This release marks a major milestone with two flagship features: the new Mobile App for voice-controlled AI on the go, and Parallel Agent Sessions for running multiple AI agents simultaneously.
⚠️ Platform Support
Windows and Linux do not currently support MCP tools in this release.
For Windows and Linux users who want dictation-only functionality, please use v0.2.2 which includes Windows (.exe) and Linux (.AppImage, .deb, .snap) builds.
📱 Mobile App
Control your AI agents from anywhere! The SpeakMCP mobile app connects to your desktop via the Remote Server API.
Features
- Voice input - Speak commands to your AI agent from your phone
- Real-time progress - Watch your agent work in real-time
- Conversation continuity (#401) - Continue conversations seamlessly between mobile and desktop
- Emergency kill switch (#398) - Stop all agents instantly with
/v1/emergency-stopendpoint - QR code setup - Scan a QR code to configure the mobile app instantly
Monorepo Architecture (#417)
- Converted to pnpm workspace structure
- Mobile app lives at
apps/mobile/ - Desktop app at
apps/desktop/ - Shared design tokens package (
@speakmcp/shared) for consistent styling - Unified development workflow:
pnpm devfor desktop,pnpm dev:mobilefor mobile
Cloudflare Tunnel Integration (#363)
- One-click internet exposure - No port forwarding or network config needed
- Cloudflare Quick Tunnel (no account required)
- QR code generation with
speakmcp://deep links - Instant mobile app configuration by scanning
🔀 Parallel Agent Sessions
Run multiple AI agents at the same time! The new tiling session dashboard lets you manage multiple concurrent agent sessions.
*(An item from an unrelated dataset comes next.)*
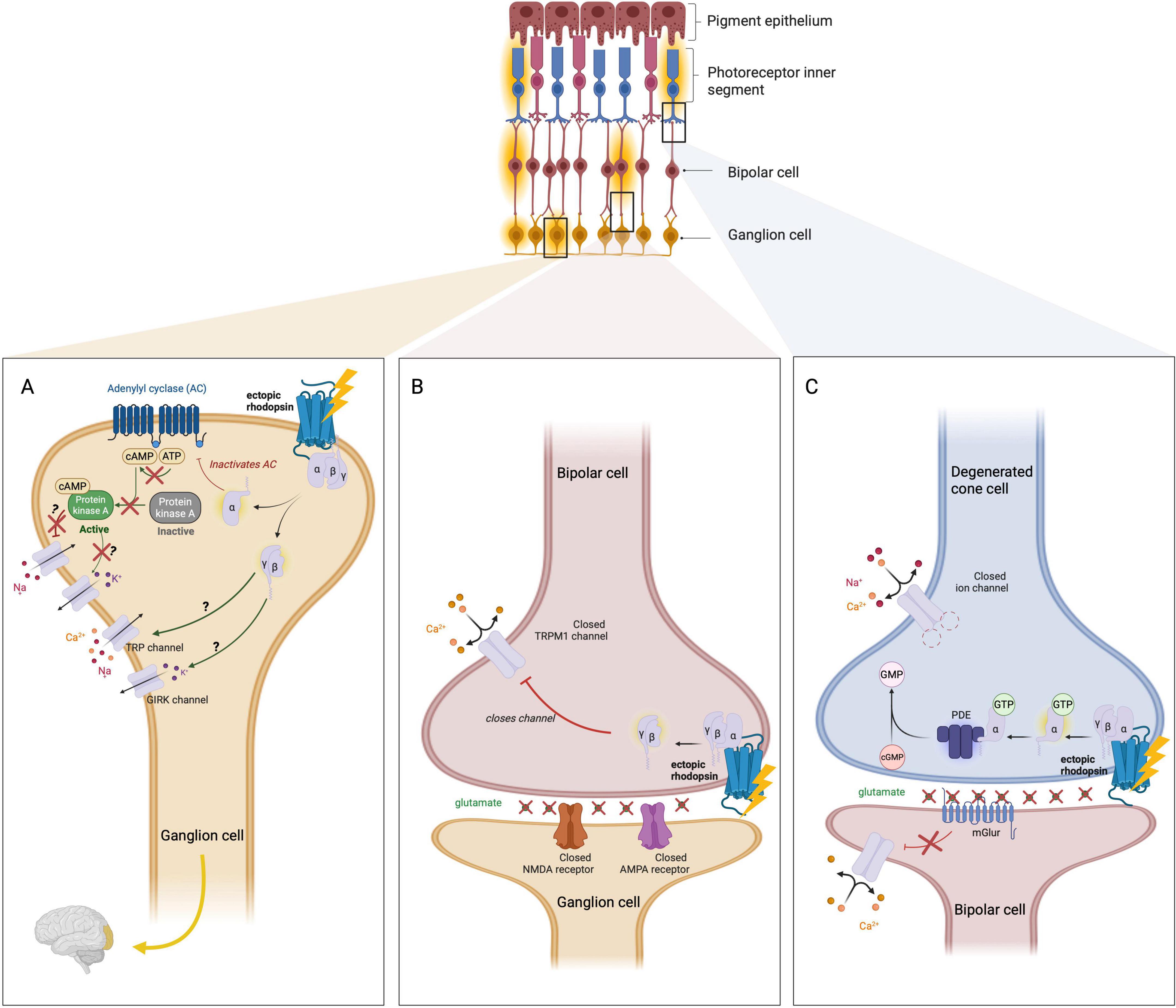 Figure 3. Molecular mechanisms of ectopic rhodopsin-mediated signaling for optogenetic vision restoration. Schematic representation of three contexts in which human rod opsin (rhodopsin) is expressed ectopically in the degenerated retina to restore light sensitivity. Top: Illustration of the retinal structure with expression of ectopic rhodopsin either ubiquitously, in retinal ganglion cells (RGCs), bipolar (BP) cells or in degenerated inner photoreceptor segments. (A) RGC expression. Ectopically expressed rhodopsin couples to endogenous Gi/o proteins. Upon light activation, the Gα subunit inhibits adenylyl cyclase (AC), reducing cAMP levels and inactivating protein kinase A (PKA), which may affect downstream ion channels. The freed Gβγ dimer can modulate ion conductances, potentially opening GIRK channels (leading to hyperpolarization) or altering TRP channel activity (which may depolarize the cell). Due to lack of native phototransduction machinery (e.g., PDE6, cGMP-gated channels), the net effect is cell-type-dependent and variable, but in some RGCs results in weak, light-evoked spiking. (B) ON-BP cell expression. Ectopic rhodopsin activates the native mGluR6 signaling cascade. Light-driven activation of Gi/o leads to Gβγ-mediated closure of TRPM1 cation channels, mimicking the effect of glutamate binding to mGluR6 in the dark. This results in hyperpolarization of the BP cell and a reduction in glutamate release onto downstream RGCs. Although the polarity of response is inverted compared to the native ON pathway, modulation of glutamate output is preserved. (C) Remnant cone photoreceptor expression. Light activation of ectopic rhodopsin triggers the canonical phototransduction cascade. Activated transducin (Gα) stimulates PDE, which hydrolyses cGMP, leading to closure of cGMP-gated cation channels in the outer segment membrane. This causes hyperpolarization and reduced glutamate release onto ON-BP cells. The downstream BP cell expresses mGluR6, which remains inactive in light, allowing TRPM1 channels to open and the cell to depolarize and thus preserving natural signal polarity. Created in BioRender. Bica, M. (2025) https://BioRender.com/hm4f3tn.

Tiling Session Dashboard (#359)
- Sessions dashboard is now the landing page
- Responsive tiling layout (1=full width, 2=50/50, 3+=responsive grid)
- Each tile shows full conversation with internal scroll
- New sessions animate into the grid
- Tile size persistence (#410) - Tiles remember their size
- Default tile width optimized (#407) - Two tiles fit side-by-side
Unified Sessions & History (#429)
- History tab merged into Sessions page
- Past sessions in collapsible section
- Click any past session to open as new tile
- Search and filter past sessions
- Lazy loading with "Load More"
Multi-Session Controls
- Panel hide button (#405) - Minimize entire floating panel when multiple sessions active
- Sidebar session navigation (#438) - Click sidebar session to scroll to its tile
- Continue from tiles (#408, #381) - Follow-up stays in same tile, no new window spawns
- Active agents height limit (#406) - Prevents overlap with macOS window controls
Streaming Output (#388)
- See LLM responses as they're generated in real-time
- Live streaming display with animated cursor
- Auto-scroll follows streaming content
🎯 Other Major Features
Built-in Settings Tools for Self-Configuration (#386)
The agent can now configure itself! 5 new built-in tools:
list_mcp_servers- View all configured MCP servers with statustoggle_mcp_server- Enable/disable MCP servers by namelist_profiles- View all profiles and which is activeswitch_profile- Switch between profiles by ID or nameget_current_profile- Get current profile with full guidelines
Per-Profile MCP Server Configurations (#394)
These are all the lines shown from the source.